The following is a listing of information regarding the major train station in Rome. Some are pretty important, such as Rome Termini, Rome Tiburtina and Rome Ostiense, but there are a lot of other small Rome train stations scattered around the city, such as Rome Tuscolana, Rome Trastevere or Rome Nomentana, mainly used for local transportation. If you’re planning to catch a train from Rome, in the following article, Rome-explorer.com will give you some information about Rome train stations.
Rome train stations: Termini Station
Termini is indubitably the main railway station in Rome. It was named after the ancient Baths of Diocletian, which can be found across the street from the main entrance of the station. The works for the building of Termini station began in 1931 and finished in 1950, it was a great success both in capability and design.
Termini is also the centre of Rome's transport system. It is a rather efficient place although it is a little crowded, like all train stations. It is the largest European train station, it has been renovated in the past couple of years, and presently it is perhaps one of the most complete European station. On the other hand, watch out as Rome's pickpockets and petty thieves have their base here. So be alert all the time.

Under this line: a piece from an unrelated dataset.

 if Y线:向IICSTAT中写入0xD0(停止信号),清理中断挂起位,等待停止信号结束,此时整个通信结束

Most inter-city trains and all the very fast Eurostars trains arrive here, while fewer trains, particularly the night time ones, arrive and leave from the Tiburtina and Ostiense train stations. In the largest of all Rome train stations you will find several facilities: left luggage, tourist information service, shuttle train to the airport, train information service, car rental, Exchange Office, a 24 hours "Drugstore", a shopping centre in the underground hall with 200 shops of all sorts. To get more information just check Grandistazioni.it.

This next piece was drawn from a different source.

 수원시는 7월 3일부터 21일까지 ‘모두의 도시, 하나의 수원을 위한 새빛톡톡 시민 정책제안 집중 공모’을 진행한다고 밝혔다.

Another area to use caution is outside of the Stazione Termini. Numerious travelers have reported that kids just outside the station quickly approach English looking and sounding tourists who exit the station. These kids have been known to thrust pen and postcard into the hands of tourists and ask for help writing a letter "home." These "kids" then dictate a story of poverty and hunger so disturbing that the tourist is often guilt-ed into handing over some cash.

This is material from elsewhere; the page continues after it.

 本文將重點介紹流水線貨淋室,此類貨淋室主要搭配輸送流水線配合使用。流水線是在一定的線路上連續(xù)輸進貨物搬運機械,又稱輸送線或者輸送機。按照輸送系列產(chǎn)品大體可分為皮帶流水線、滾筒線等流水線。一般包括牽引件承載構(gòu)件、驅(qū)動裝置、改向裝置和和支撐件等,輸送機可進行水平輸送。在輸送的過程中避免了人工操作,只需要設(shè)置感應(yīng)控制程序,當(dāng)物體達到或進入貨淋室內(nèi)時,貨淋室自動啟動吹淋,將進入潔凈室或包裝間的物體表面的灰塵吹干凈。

Rome train stations: Tiburtina Station
Roma Tiburtina is the second-largest railway station in Rome, after Roma Termini. Located in the north-eastern part of the city, it is undergoing some major renewal works to be redeveloped as a hub for the Italian high speed rail services, which won't pass through Termini, as it is a terminal station. Among Rome train stations, Tiburtina was above all dedicated to night trains to and from France, Switzerland and Austria. Even if all the major trains stopped here before arriving to Termini. In this station you’ll find left luggage, tourist information service, train to Fiumicino airport, information service, a 24 hours "Drugstore".
To get more information about this Rome train station check the Italian railway company site Ferroviedellostato.it
Rome train stations: Ostiense Station
Roma Ostiense is a train station in Piazza dei Partigiani, serving the Ostiense district of Rome, a short distance from the Porta San Paolo. The station’s building in itself has a remarkable historical and architectural relevance, the station was built to commemorate the forthcoming visit of Adolf Hitler to Rome in 1938, with the aim of creating a monumental station to receive the German dictator. A new road was also built to connect the station with Porta San Paolo - this was initially named Via A. Hitler but, after the Second World War, it was renamed Viale delle Cave Ardeatine. The station was designed by the Italian architect, Roberto Narducci.
The entire facade is made of Travertine marble and the entrance is marked by a pillared portico. On the right side of the station there is a relief by Francesco Nagni that represents the mythical figures of Bellerophon and Pegasus. This is one of Rome train stations run by the CentoStazioni arm of the Ferrovie dello Stato group and the urban rail lines FR1, FR3 and FR5 run through it. Ostiense station is linked with the Piramide Metro B station and from here you can take the Rome-Lido railway line to go to Ostia, the seaside Roman district.